# I make Electronic music



## Team_Subspace (Jul 13, 2013)

For a little while now, I've been making some sort of electronic music. Most of it I can call "probably Drum & Bass," and one song is breakcore.
Demo of my first "DnB" song, Kill it With Fire.


Spoiler








My next DnB track, Shadows


Spoiler








Thirdly, an "Up-Tempo Dubstep" track, 108


Spoiler








And lastly, finished today, my breakcore track, Wake Up


Spoiler


----------



## Ethevion (Jul 14, 2013)

Wake Up is my favorite one of the bunch. Good work!


----------



## gokujr1000 (Jul 15, 2013)

I really enjoyed these, nice work 

If you don't mind me asking how exactly did you get into making Electronic music and where did you start when you wanted to learn? I've been thinking about getting into it as a Hobby before it's too late but I have no idea on where to start.


----------



## Team_Subspace (Jul 20, 2013)

Ethevion said:


> Wake Up is my favorite one of the bunch. Good work!


Thanks! It's also my favorite so far.


gokujr1000 said:


> I really enjoyed these, nice work
> 
> If you don't mind me asking how exactly did you get into making Electronic music and where did you start when you wanted to learn? I've been thinking about getting into it as a Hobby before it's too late but I have no idea on where to start.
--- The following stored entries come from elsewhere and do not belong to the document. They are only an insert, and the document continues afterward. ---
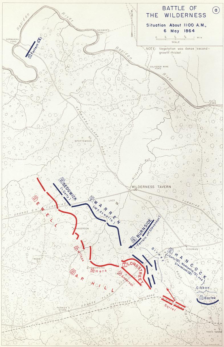 Lieut. Col. W. H. TAYLOR, A. A. G. COLONEL: On April 11, 1864, I received orders at Bristol from the Adjutant and Inspector-General to report with the original portion of the First Corps (Kershaw's and Field's divisions and Alexander's battalion of artillery) to General R. E. Lee, commanding Army of Northern Virginia. On the 14th I reached Charlottesville, and awaited there the arrival of my troops, which were somewhat delayed by want of transportation on railroad. As the troops arrived they were encamped at points between Charlottesville and Gordonsville. On the 22d, in obedience to orders received from the commanding general, I marched my command to Mechanicsville, and encamped in the near neighborhood thereof. On the 2d [May] Field's division was moved to the north of Gordonsville to meet an expected advance of a portion of the enemy by way of Liberty Mills. On the 4th was advised by the commanding general that the enemy appeared to be moving toward Stevensburg, and, as directed by him, started about 4 o'clock in the afternoon and marched to Brock's Bridge, on the border of Orange County, a distance of about 16 miles. Early on the morning of the 5th resumed my march on the [Orange plank] and Catharpin roads to Richards' Shop on Catharpin road. During the latter part of this day s march Rosser was skirmishing in my front with his brigade of cavalry. At 12.30 a.m. on the 6th started for Parker's Store, on the plank road, in obedience to orders received from the commanding general, who also informed me that Generals Hill and Ewell had been heavily engaged the previous day. Arriving at Parker s Store about dawn, I was directed to move my column down the plank road to relieve the divisions of Heth and Wilcox, which were in position in face of the enemy on the right and left of the plank road, at right angles with it and about 3 miles below Parker's Store. Kershaw's division was in the lead, arriving in rear of the line held by these two divisions, and when the head of my column had filed to the right, and had only time to deploy two regiments of Kershaw's old brigade, an advance was made by the whole line of the enemy, and the divisions of Heth and Wilcox broke and retreated in some confusion. With considerable difficulty, but with steadiness, opening their ranks to let the retreating divisions through, Kershaw formed his line on the right and Field on the left of the plank road. Having checked the advance of the enemy, I ordered a general advance by my line, which was made with spirit rarely surpassed, and before which the enemy was driven a considerable distance. The woods were dense and the undergrowth almost impossible to penetrate. This success was not purchased without the loss of many of the bravest officers and men of my corps. The circumstances under which they fought were most unfavorable. Thrown suddenly, while still moving by the flank, and when hardly more than the head of the column could face the enemy, into the presence of an advancing foe with their ranks broken each instant by bodies of our retreating men, they not only held their own, but formed their line, and in turn, charging the enemy, drove him back in confusion over half a mile to a line of temporary works, where they were re-enforced by reserves. About 10 o'clock Maj. Gen. M. L. Smith and the other officers sent out to examine the enemy's position, reported that the left of the enemy's line extended but a short distance beyond the plank road. Special directions were given to Lieutenant-Colonel Sorrel to conduct the brigades of Generals Mahone. G. T. Anderson, and Wofford beyond the enemy s left, and to attack him on his left and rear--I have since heard that the brigade of General Davis formed a part of this flanking force--the flank movement to be followed by a general advance, Anderson's brigade on the right and Wofford's on the left, Mallone being in the center. They moved by the flank till the unfinished railroad from Gordonsville to Fredericksburg was reached. Forming on this railroad facing to the north, they advanced in the direction of the plank road till they encountered the enemy in flank and rear, who was then engaging the brigades of Gregg, Benning, and Law in front. The movement was a complete surprise and a perfect success. It was executed with rare zeal and intelligence. The enemy made but a short stand, and fell back, in utter rout with heavy loss, to a position about three-quarters of a mile from my front attack. I immediately made arrangements to follow up the successes gained, and ordered an advance of all my troops for that purpose. While riding at the head of my column, moving by the flank down the plank road, I came opposite the brigades which had made the flank movement, and which were drawn up parallel to the plank road, and about 60 yards therefrom, when a portion of them fired a volley, which resulted in the death of General Jenkins, and the severe wounding of myself. I immediately notified the commanding general of my being obliged to quit the field, and the command devolved on Major-General Field. To the members of my staff I am under great obligations for their valuable services. They conducted themselves with their usual distinguished gallantry. Much of the success of the movement on the enemy's flank is due to the very skillful manner in which the move was conducted by Lieutenant-Colonel Sorrel. I have the honor to forward the accompanying reports of subordinate commanders of corps. I am, colonel, with great respect, your obedient servant, J. LONGSTREET, Lieutenant-General.
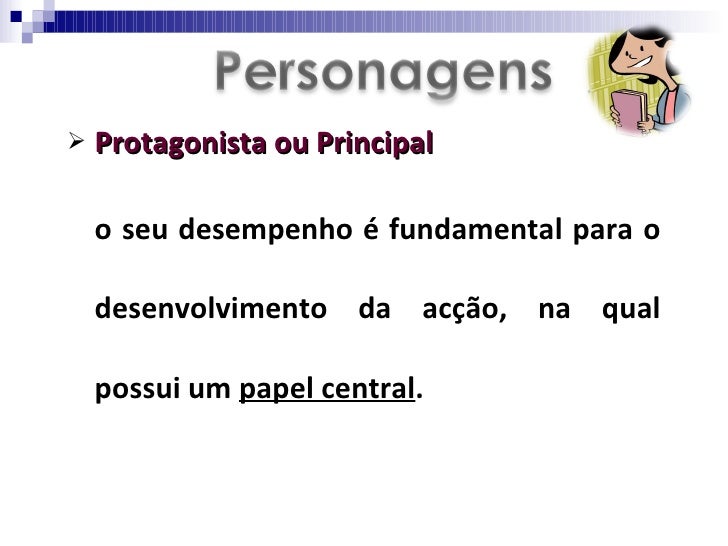 19. 19. <ul><li>Protagonista ou Principal </li></ul><ul><li>o seu desempenho é fundamental para o desenvolvimento da acção, na qual possui um papel central . </li></ul>
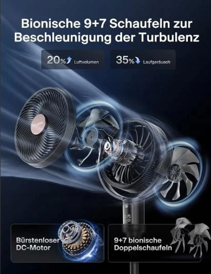 - Technologia Dual-Blade Hyperdrive: 18207 precyzyjnych cięć powietrza na sekundę* zapewnia zarówno wydajność, jak i komfort. System podwójnych skrzydeł przekształca siłę rotacyjną w 32% większy zasięg przepływu powietrza (w porównaniu do wentylatorów z jednym łopatką) i pracuje przy tym cicho (26 dB) – wystarczająco mocny, aby schłodzić z odległości 7,6 m, a mimo to wystarczająco cichy, aby używać w łóżku.

Thanks for your support. I got into producing both out of love for electronic music and after seeing a load of other more popular artists who were around the same age as me (or younger). Prior to starting, I had taken a year of music theory, so it helped a lot when I wanted to write my first song (Kill it With Fire). I also looked up a lot of tutorials for sounds I liked created in Massive by Native Instruments. The rest was just learning how to use FL Studio, which can be seen in the increasing of complexity of my songs (Kill it With Fire - Shadows - 108 - Wake Up). And most importantly, you just have to have fun when you're doing it. There's not much better than the feeling of finishing your first song. Hope I helped


----------



## Ericthegreat (Jul 20, 2013)

Sounds nice, get a license for them and send them to some game companys.


----------



## Xarsah16 (Jul 20, 2013)

As a fan of tons of different types of electronic music - d&b was always one of my favorite genres. I do have to say that you have a nice sound, but a little bit of constructive criticism - "Kill It With Fire" and "Shadows" sound so similar to each other. The rhythm is sweet, but the songs don't have a lot of variation. To me - music has to stand out and make a statement for itself. You've got a great start, but you can do so much more with it. 
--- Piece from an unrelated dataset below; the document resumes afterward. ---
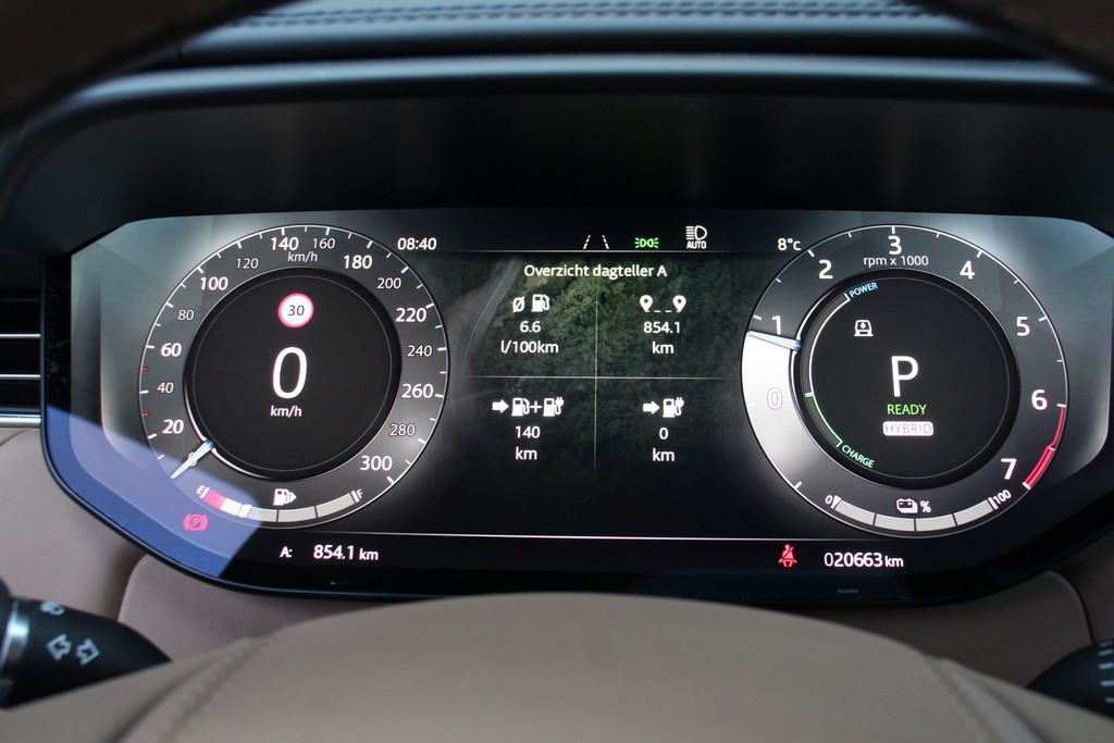 Snelheid, omgevingsinfo, navigatie en communicatie... Het digitale dashboard geeft alles realtime weer. Elk van de vier camera's op deze auto draagt bij aan het creëren van een onbelemmerd uitzicht van 360 graden rondom de auto. In één oogopslag weet u de complete systeemstatus van deze auto. Dankzij Connected Services. Ook het geluid aan boord is top-of-the-line. Het high performance audiosysteem levert superieure prestaties. Beste route, verwachte aankomsttijd: uw eigen full map navigatiesysteem vertelt u alles! Met achteropkomend verkeer waarschuwing, electronic climate control, draadloos opladen, DAB ontvangst, regensensor en keyless entry is deze Land Rover helemaal compleet.

For instance - Delta Heavy combined vocals with their drum and bass - and in this song they literally took the listener on a trip through the universe, space, and time.
 3 years later, and I still love it. <3

This song also has quite a bit of flavor -  and if you want more examples, just listen to the UKF Drum and Bass channel. It's really good. <3

The songs need something else to keep the listener engaged. If you can skip through a song, and every part sounds similar with nothing standing out, it needs work.

I understand Deadmau5 is a different genre. Aural Psynapse is still a great example of sections. It proves that you can repeat sections, but there's enough variation to keep the listener interested. (I prefer the 2nd edit.)


Go on Pandora radio. Listen to a lot of electronic. House, Dubstep, Trance, and all of the many subgenres. Identify what you think really makes a song good, and try to implement similar sounds into your tunes.


----------



## xcrimsonstormx (Jul 20, 2013)

I think it's really good but I would recommend putting a drop somewhere in there. Not sure if that would make it dubstep though, that would be the icing on the cake.


----------



## Xarsah16 (Jul 21, 2013)

xcrimsonstormx said:


> I think it's really good but I would recommend putting a drop somewhere in there. Not sure if that would make it dubstep though, that would be the icing on the cake.


People just wub drops


----------



## gokujr1000 (Jul 21, 2013)

Team_Subspace said:


> Thanks! It's also my favorite so far.
> 
> Thanks for your support. I got into producing both out of love for electronic music and after seeing a load of other more popular artists who were around the same age as me (or younger). Prior to starting, I had taken a year of music theory, so it helped a lot when I wanted to write my first song (Kill it With Fire). I also looked up a lot of tutorials for sounds I liked created in Massive by Native Instruments. The rest was just learning how to use FL Studio, which can be seen in the increasing of complexity of my songs (Kill it With Fire - Shadows - 108 - Wake Up). And most importantly, you just have to have fun when you're doing it. There's not much better than the feeling of finishing your first song. Hope I helped


 

Alright thanks man


----------